Are pigeons affectionate with humans? It made me feel pretty warm & fuzzy & just amazed the kids - one of whom was the boy who found her. ANd I know enough aboug animals to know that a smart one like her would recognize & go for favorable conditions, warm & fuzzy aside.

Can you tell the sex of a bird? Beside the obvious egg-laying?

What color is a healthy beak? Her's still looks swollen & tender on top to us. More out toward the tip it's looks dryer & harder & a darker yellowish-tan.
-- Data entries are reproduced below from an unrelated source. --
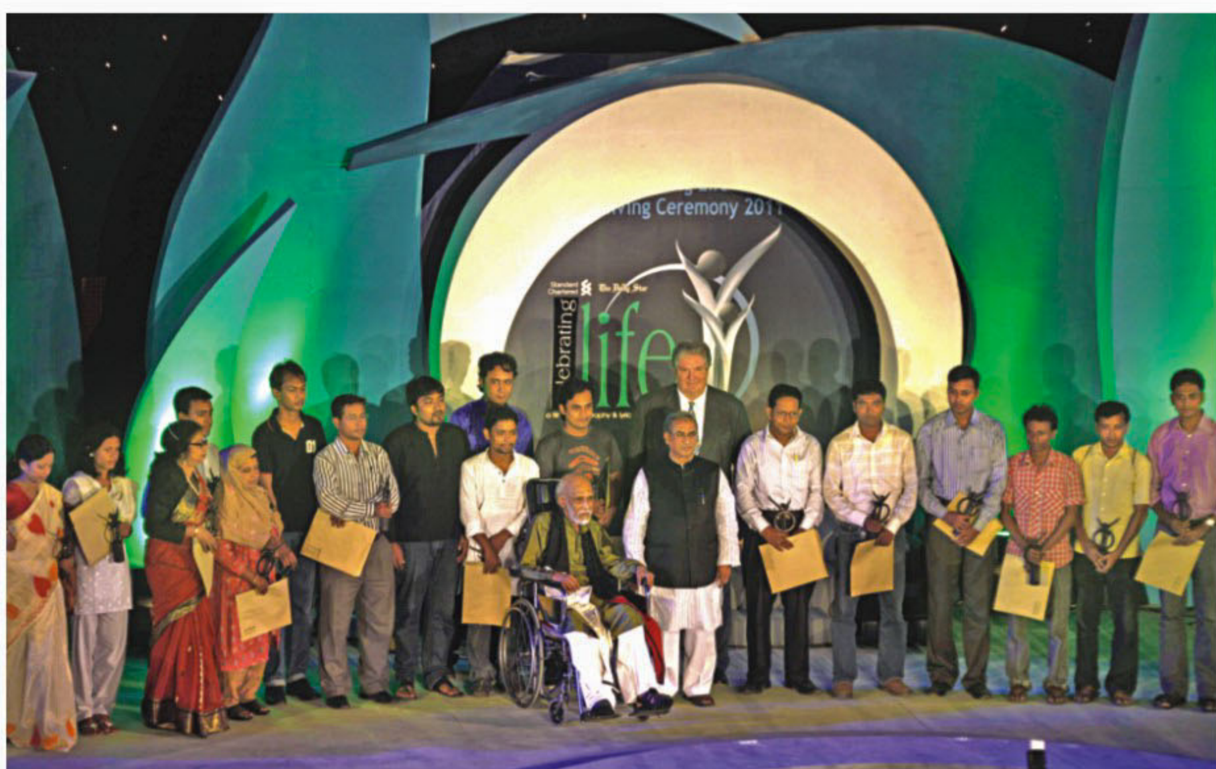
Winners in different categories of Celebrating Life 2011 competition pose with Khandaker Nurul Alam, a legendary composer of Bangladeshi film; Abul Kalam Azad, cultural affairs minister; and Jim McCabe, chief executive officer of Standard Chartered Bank, Bangladesh, at Bangabandhu International Conference Centre in the capital yesterday.
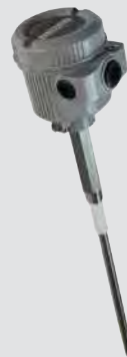
DD-3000 Dust Alert

Approvals: Ordinary/General Purpose Only, CE Approved (CSA/UL Approval Pending)
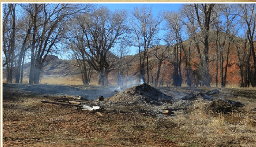
Burning Brush Piles.
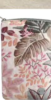
PINK FLORAL JACQUARD EYE GLASSES CASE JD26EYEPK
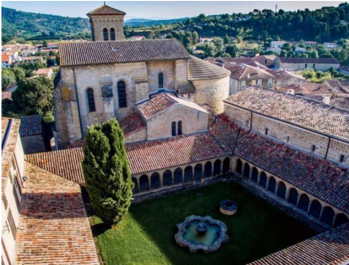
St. Hilaire Abbey

This morning your captain will sail to Marseillette. In the afternoon you will either be driven to the Maison de la Truffe for a truffle tasting or visit the St. Hilaire Benedictine abbey, which was founded more than a thousand years ago. The well and the fountain displayed in the very picturesque cloister were built in the 16 th century! Being very close to Carcassonne, the largest fortified city in Europe you could use this opportunity to run some errands while wandering in the shopping district or simply stroll in the medieval historic center if you haven't seen the 'Cité' yet. A nice dinner will then await you on board.
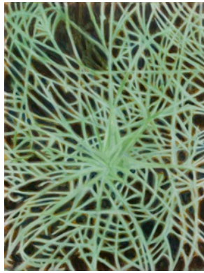
[1932] 24 x 18"
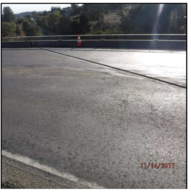
Elkhorn Road Bridge Approach and bridge deck Rehabilitation
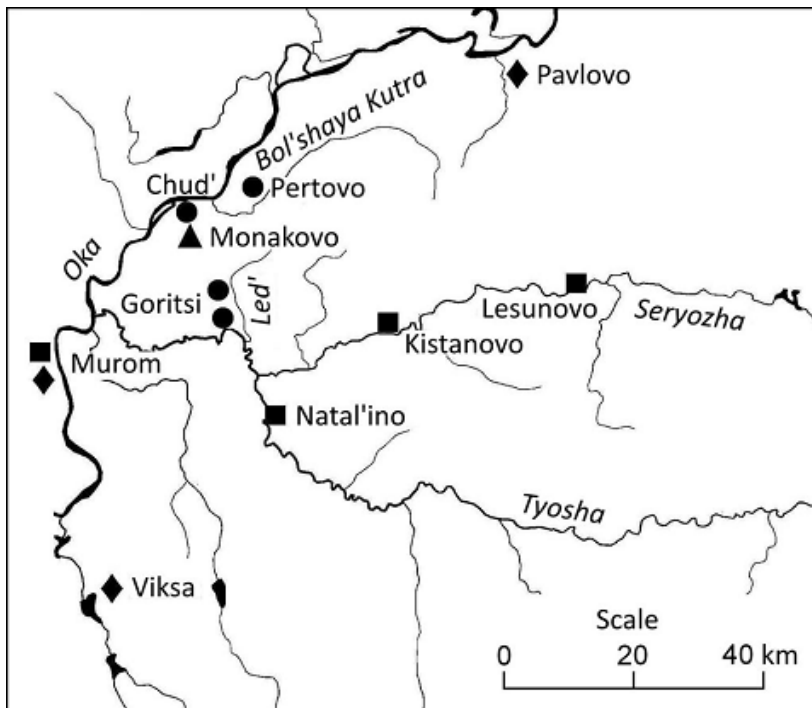
Fig. 1. Points of monitoring observations:

The meteorological station of the SIA Gidrotekhproekt was installed in the village of Monakovo at a distance about 2 km from the NPP site. The location of the meteorological site was chosen in compliance with the requirements of the national hydrometeorological service. When studying the climate of the NPP site vicinity area, data from the meteorological stations Murom, Pavlovo and Viksa were also used.
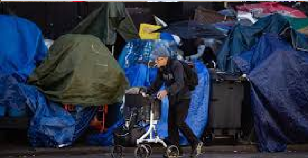
Responding to Tent Cities
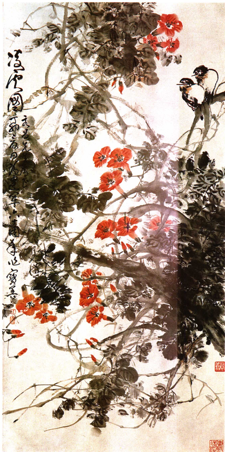
凌雲圖 (68×136cm) 1987年 Soaring Aspirations.
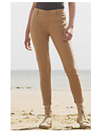
SOL'S JULES WOMEN 01425
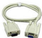
DB9 serial cable
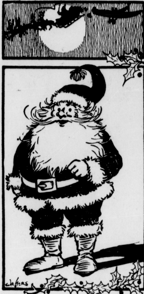
"Your Uncle Santa is Getting Fat."

Odell's Headquarters for Santa Claus this Season.
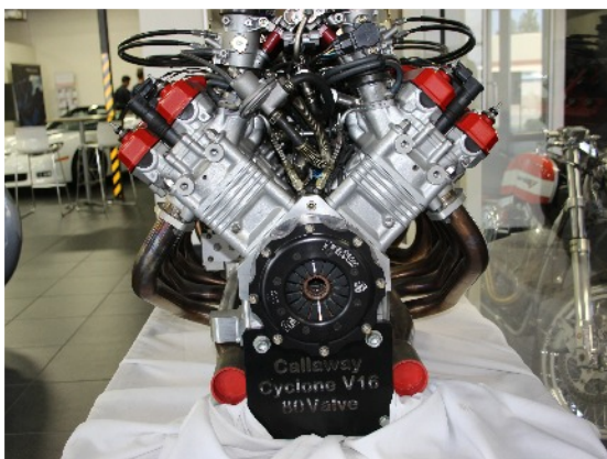
Callaway V16 Racing Engine
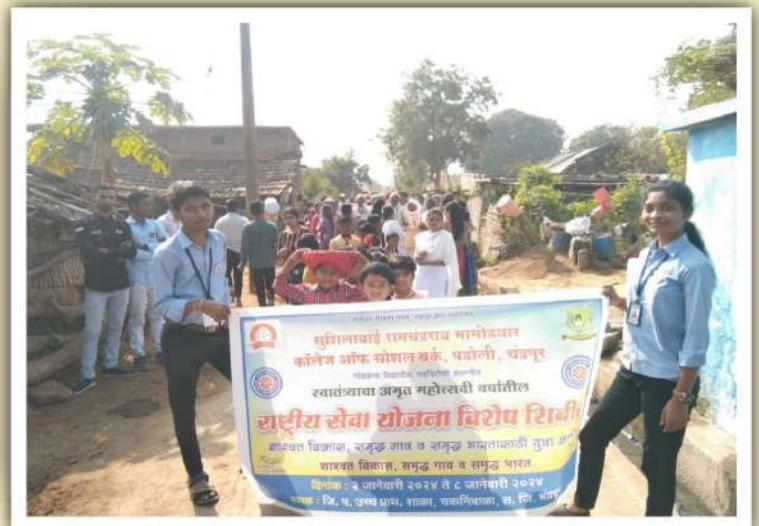
NSS camp at Chaknimbala Village
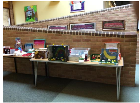
From Dinosaur Eggsploration to Eggie the Eagle!
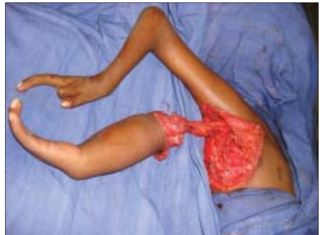
Figure 6: Encircling incision placed around the inferior limb

ray including the 3 rd metacarpal was absent. The inferior limb had two fingers and a single bone with which it was attached to the chest wall. Clinically, the superior limb presented a picture of an ulnar hypoplastic hand where

Closer to her flesh it's puffier & cream-colored.

Well - time to go to work, Lance will check back in earlier than I this evening.

Thanks so much!

Lynn & Lance


----------



## pdpbison (Mar 15, 2005)

Hi Lynn,



They are all individuals...all have differing prior experience or acceptances...some will decide to be affectionate or to welcome cuddleing, some do not...or however in-between.




Probably a Hen...is my guess.


Hens have a larger space bewteen the Bones occuring in the region of their vent ( rear underside ) than males do, sort of like having a wider pelvis, for the Eggs to pass. But without an amenible male to compare how this area feels, it is likely hard to gauge without experience.


Looks like a young adult...or sub-adult, late adolesent.


Beaks can be Pink, or Black, or combinations of the two.


'Nares' ( the soft, flesy bumps where the Beak and Forehead meet) usually are White, but can be greyish or puddy colored if soiled or if the pigeon is ill or if they have been recently soiled or got oil on them.

Some are 'Pink' and it looks like hers are...and or they can be Pink when the Pigeon is still pretty young.


She looks very sweet indeed...


Best wishes!


Good going!



Phil
l v


----------



## Widget (Jul 5, 2008)

Hi Phil - 

She flew! Twice from my lap to the window when I brought her out to feed. So beautiful to see.

I've posted pics of the 2 kids who rescued her as they're learning to feed her. They are going to care for her over the weekend while we're gone. They are so thrilled to be a part of her care. This little bird has touched all of our lives in her short stay.

I have hopes for releasing her, I haven't seen her trying to self feed, but I work long, long hours so I may have missed that.

She stayed in my lap again after feeding & fell asleep. She's a tired bird with her crop full, a good thing, I think.

Thanks for the answers to my questions.

I think we'll let her excercise tomorrow morning before we feed her, let her walk around or fly as she wants.

We're fixing up a tall top for her tub so she will be able to flap her wings better & see out more as she gets stronger.

Best to you and all ,

Lynn & Lance


----------



## Widget (Jul 5, 2008)

Quick update - 

I've been hand feeding her grain now, twice a day, trying to get at least a teaspoon in each time, is that enough food?

She's pooping a lot now, some light green in it, also a lot of white and by last night a lot firmer, there is actually a shape to the poops.

We're feeding wild bird mix and some sunflower seed hearts (no shells).

Phil - did you get a chance to send out pigeon mix?

I'm blown away by how affectionate she is with me, she's apparently decided I'm her human. Her favorite place after a feeding is my lap, eyes closed, snuggled up against me. She will walk across the floor to hop up into it.

Her left side is still weak, she lists to that side, however all over coordination & strength is better. Hope she gets back to completely normal functioning.

Beak still off to one side & she seems to not be able to peck accurately - I mean her aim seems off at this point, as well as the scissor thing a problem.

Her breast bone doesn't feel as sharp.

All in all we are quite happy with her progress & enjoying caring for her.

Happy flying!

Lynn


----------



## Reti (Jul 20, 2003)

What a wonderful update. Pijies can be so affectionate it is amazing. You have done a great job with her.

Reti


----------



## Birdmom4ever (Jan 14, 2003)

She sounds like such a sweetheart. Glad she's doing so much better.


----------



## pdpbison (Mar 15, 2005)

Hi Lynn, 



Pigeon-Mix went out Wednesday...

Lol...
Turns out I was out of it myself on Sunday ( had to drive to petsmart to get regular Wild Bird Seed to tide things over) , Feed Store guy could not deliver any on Monday and I could not go there...Tuesday I drove there and got some, got home, was hot and ughy and tired, and forgot to package some for you...Wednesday, remembered, and got a few pounds in the Mail to you.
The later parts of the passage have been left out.